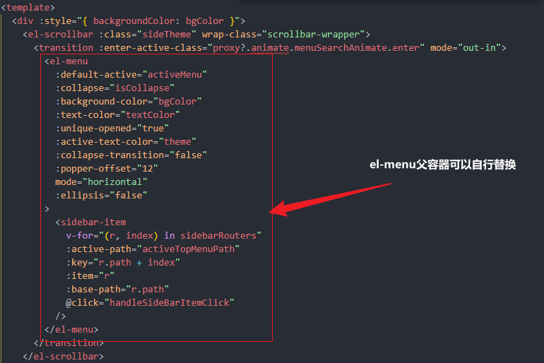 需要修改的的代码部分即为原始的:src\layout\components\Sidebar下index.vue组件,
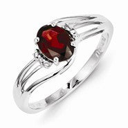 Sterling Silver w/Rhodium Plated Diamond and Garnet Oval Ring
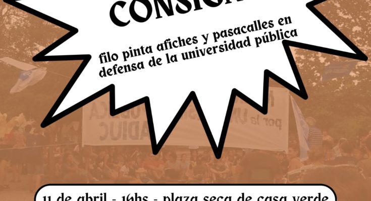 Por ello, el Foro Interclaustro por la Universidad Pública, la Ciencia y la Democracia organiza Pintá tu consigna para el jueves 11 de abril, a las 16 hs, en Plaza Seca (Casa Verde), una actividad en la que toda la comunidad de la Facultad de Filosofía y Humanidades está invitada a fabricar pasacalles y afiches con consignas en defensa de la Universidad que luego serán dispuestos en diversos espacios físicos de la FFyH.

• • • • • • •

Reproduce every line above as written, skipping pictures.

 需要修改的的代码部分即为原始的:src\layout\components\Sidebar下index.vue组件,
 Sterling Silver w/Rhodium Plated Diamond and Garnet Oval Ring
 Por ello, el Foro Interclaustro por la Universidad Pública, la Ciencia y la Democracia organiza Pintá tu consigna para el jueves 11 de abril, a las 16 hs, en Plaza Seca (Casa Verde), una actividad en la que toda la comunidad de la Facultad de Filosofía y Humanidades está invitada a fabricar pasacalles y afiches con consignas en defensa de la Universidad que luego serán dispuestos en diversos espacios físicos de la FFyH.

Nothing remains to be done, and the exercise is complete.